There was a puzzled pause. I noticed, however, that Harkness was watching Jimmy with a curious alertness.

  “It’s always mo’ dangerous t’ tell th’ truth in a case like this, Harkness,” said Jimmy, still in that gentle drawl. “You tol’ th’ absolute truth about what you saw Harry do, an’ that’s th’ mos’ dangerous thing you could’ve told, because there ain’t but one man could’ve tol’ that.

  “Misteh Coroner, ef you’ll look out o’ the window, you’ll see jus’ wheah Harry Temple walked down th’ kitchen steps, jus’ wheah he went back to th’ stables, jus’ wheah he went into th’ big barn, an’ jus’ wheah he got a drink. An’ then, ef you look, you’ll see wheah he stopped his car, so Harkness could see that it had a self-starter on it, instead of a crank.”

  I saw a light break on the coroner’s face, as he looked from place to place in the yard behind the house. He faced about, just as Jimmy deliberately pulled a revolver out of his pocket.

  “Harkness tol’ th’ truth,” said Jimmy softly. “He tol’ th’ absolute truth, but—theh ain’t but one place you can see all them things from. With all them barns outside, theh ain’t but one place that you c’n see th’ do’ of th’ stables, an’ th’ big barn an’ th’ pump by th’ quarters an’ th’ kitchen do’ all at once. An’ theh wasn’t but one man in th’ world who could’ve seen Harry Temple do all them things, because theh wasn’t but one man in that place.

  “Th’ only place you c’n see all them places from is this heah room, an’ th’ only man in th’ house when Harry Temple did them things was th’ man who’d shot Abe Martin an’ hadn’t had time t’ get away when Harry Temple come drivin’ in!

  “Harkness”—Jimmy’s voice was suddenly like steel—“ef you pull that gun on me I’ll blow a hole right th’ough th’ place yo’ brains ought t’ be!”

  *

  MURDER MADNESS

  (Originally Published in 1930)

  CHAPTER I

  The engines of the Almirante Gomez were going dead slow. Away up beside her monster funnels her siren blew dismally, Whoo-oo-oo-oo! and was silent for the regulation period, and blew desolately again into the clinging gray mist that ringed her all about.

  Her decks were wet and glistening. Droplets of water stood upon the deck-stanchions, and dripped from the outer edge of the roof above the promenade deck. A thin, swirling fog lay soggily upon the water and the big steamer went dead slow upon her course, sending dismal and depressing blasts from her horn from time to time. It was barely possible to see from one side of the ship to the other. It was surely impossible to see the bow from a point half astern.

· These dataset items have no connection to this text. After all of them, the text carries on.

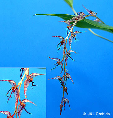 Found in Colombia and Ecuador at elevations around 400 to 1800 meters as a miniature to small sized, hot to cool growing epiphyte with very slender, erect to suberect ramicauls enveloped by a thin, tubular sheath below the middle and another at the base and carrying a single, apical, erect, thinly coriaceous, ovate, acute, rounded to subcordate, sessile base leaf that blooms at most any time of the year on a delicate, flexible, 2.4 to 3.2" [6 to 8 cm] long, loose, several flowered, racemose inflorescence arising from a spathe at the base of the leaf.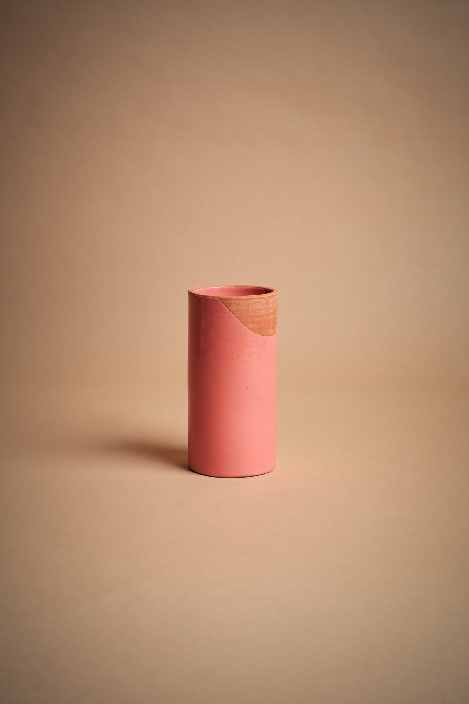 Vaso cilindrico con bocca stretta in ceramica artigianale, con superficie lucida rosa e sezione naturale non smaltata. Perfetto per fiori freschi o secchi, aggiunge un tocco elegante alla tua casa. Modellato a mano, unisce funzionalità e design sofisticato. Un vaso unico, ideale per arredare con stile e autenticità.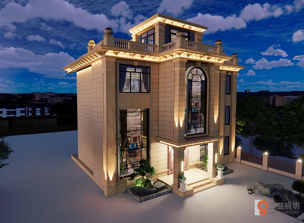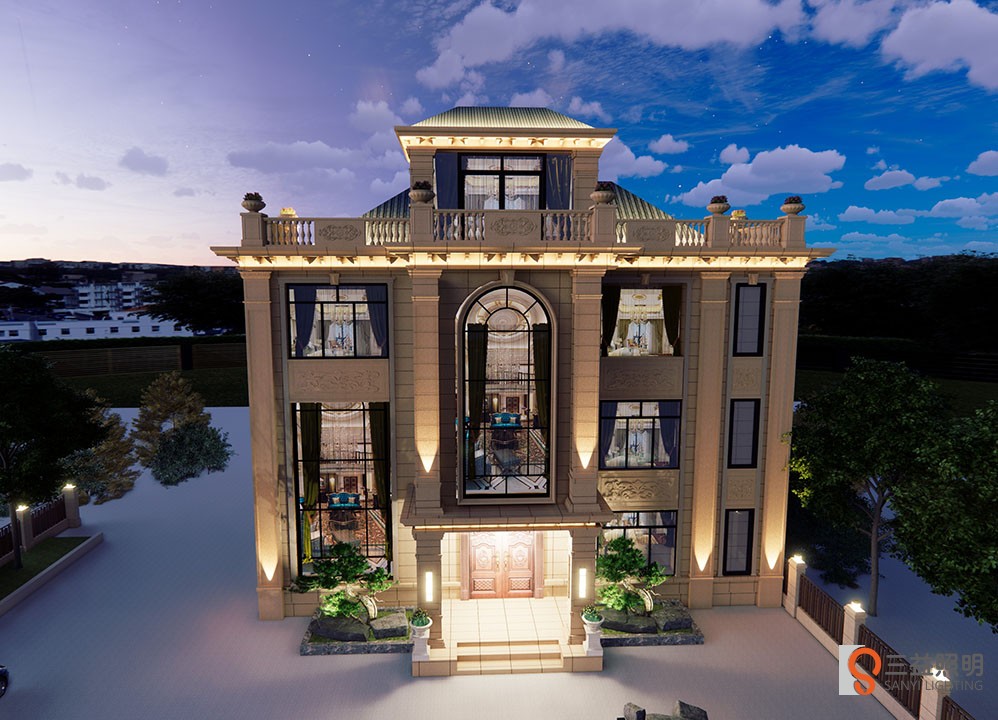 別墅燈光采用3D漫游設(shè)計,燈具采用專業(yè)工程款瓦楞燈、洗墻燈、LED投光燈、定制柱頭燈、壁燈、草坪燈等,整體燈光營造浪漫、溫馨的環(huán)境。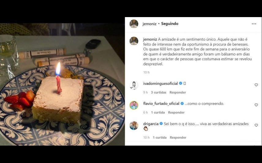 “A amizade é um sentimento único. Aquele que não é feito de interesse nem da oportunismo à procura de benesses. Os quase 600 km que fiz este fim de semana para o aniversário de quem é verdadeiramente amigo foram um bálsamo em dias em que o carácter de pessoas que costumava estimar se revelou desprezível”, escreveu.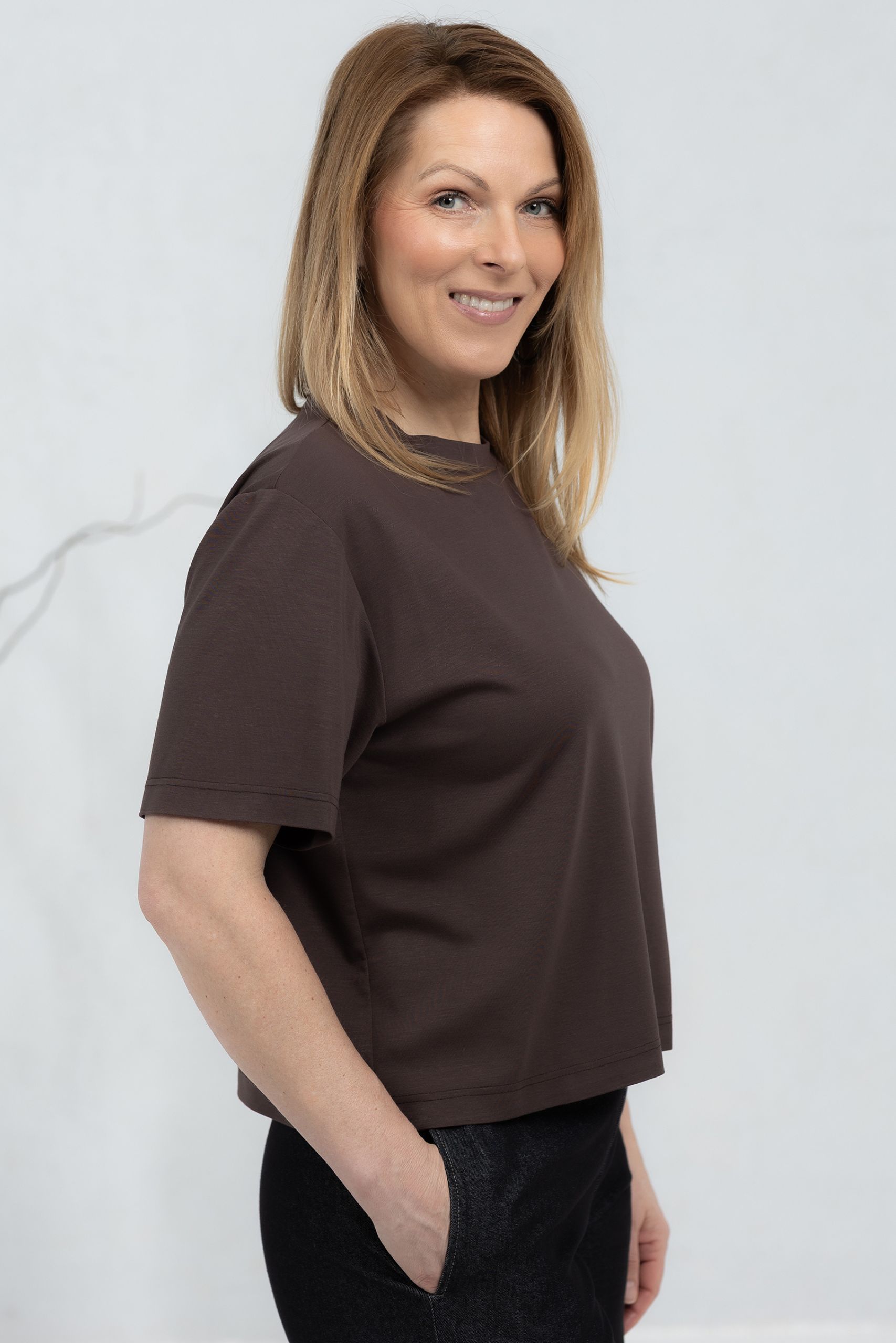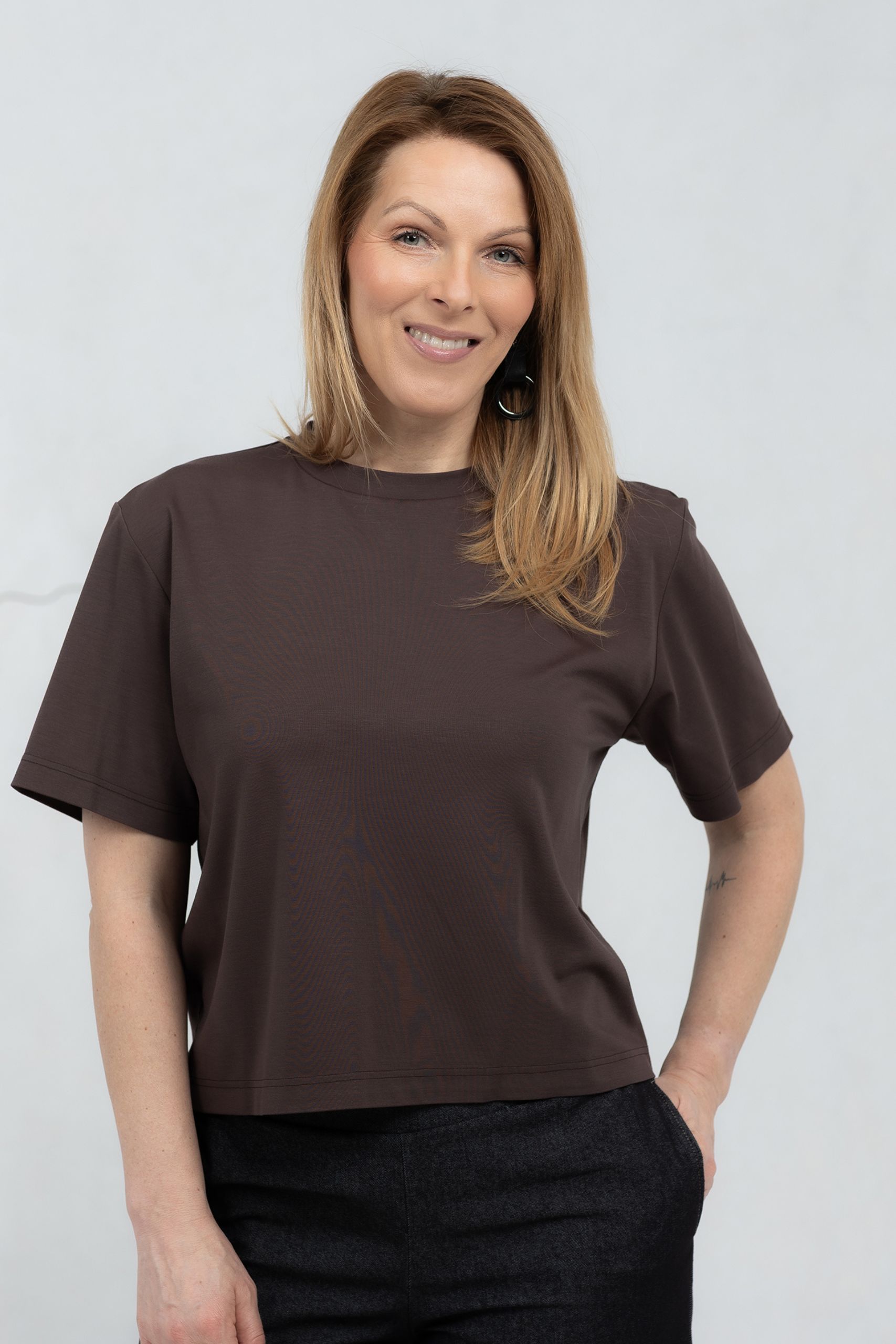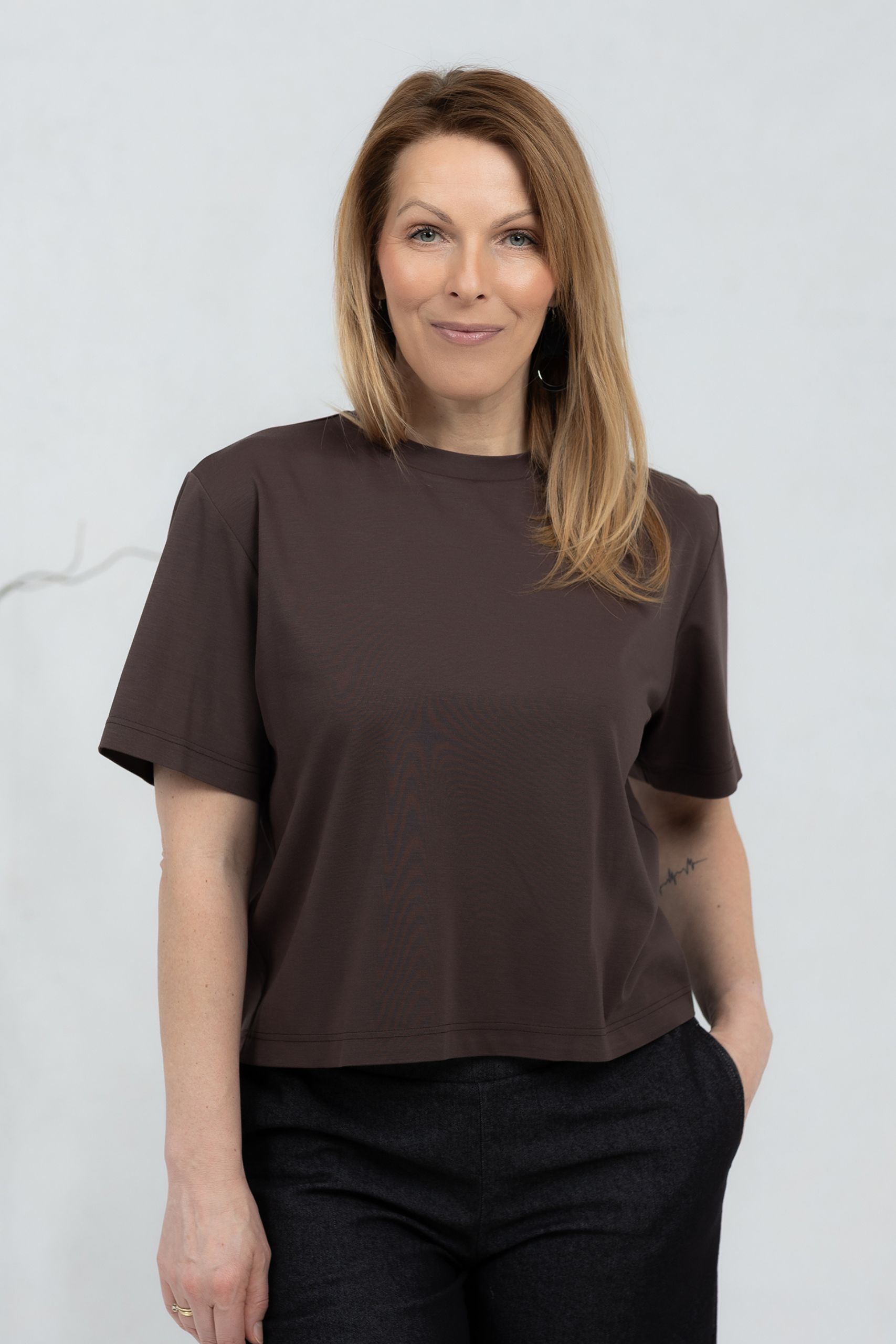 A T-shirt that takes minimalist style to a new level. With a classic cut, the shirt is made from a soft and breathable viscose fabric for ultimate comfort. Its timeless design and neutral hue make it an ideal choice to combine for everyday style as well as for an elegantly layered look. Wear it with jeans, pants or skirts – the possibilities are endless! A simple yet stylish T-shirt that will never go out of style.

  Charley Bell went forward along the promenade deck. He passed Señor Ortiz, ex-Minister of the Interior of the Argentine Republic. Ortiz bowed to him punctiliously, but Bell had a sudden impression that the Argentine’s face was gray and ghastly. He checked himself and looked back. The little man was climbing the companion-ladder toward the wireless room.

  Bell slipped on toward the bow. He did not want to give an impression of furtiveness, but the Almirante Gomez was twelve days out of New York and Bell was still entirely ignorant of why he was on board. He had been called into the office of his chief in the State Department and told curtly that his request for leave of absence had been granted. And Bell had not asked for a leave of absence. But at just that moment he saw a rubber band on the desk of his immediate superior, a fairly thick rubber band which had been tied into a certain intricate knot. And Bell had kept quiet. He went to his apartment, found his bags packed and tickets to Rio via the Almirante Gomez in an envelope on his dressing-table, and went out and caught a train to the ship.

  And that was all he knew. The siren up above blared dolefully into the fog. It was damp, and soggy, and depressing. The other passengers were under cover, and the decks seemed to be deserted. From the saloon came the sound of music. Bell pulled the collar of his light topcoat about his throat and strolled on toward the bow.

  He faced a row of steamer chairs. There was a figure curled up in one of them. Paula Canalejas, muffled up against the dampness and staring somberly out into the mist. Bell had met her in Washington and liked her a great deal, but he swore softly at sight of her in his way.

  The afternoon before, he had seen a stoker on the Almirante Gomez pick up a bit of rope and absently tie knots in it while he exchanged Rabelasian humor with his fellows. He had not looked at Bell at all, but the knots he tied were the same that Bell had last seen tied in a rubber band on a desk in the State Department in Washington. And Bell knew a recognition signal when he saw one. The stoker would be off watch, just now, and by all the rules of reason he ought to be out there on the forecastle, waiting for Bell to turn up and receive instructions.

  But Bell paused, lit a cigarette carefully, and strolled forward.

  “Mr. Bell.”

  He stopped and beamed fatuously at her. It would have been logical for him to fall in love with her, and it is always desirable to seem logical. He had striven painstakingly to give the impression that he had fallen in love with her—and then had striven even more painstakingly to keep from doing it.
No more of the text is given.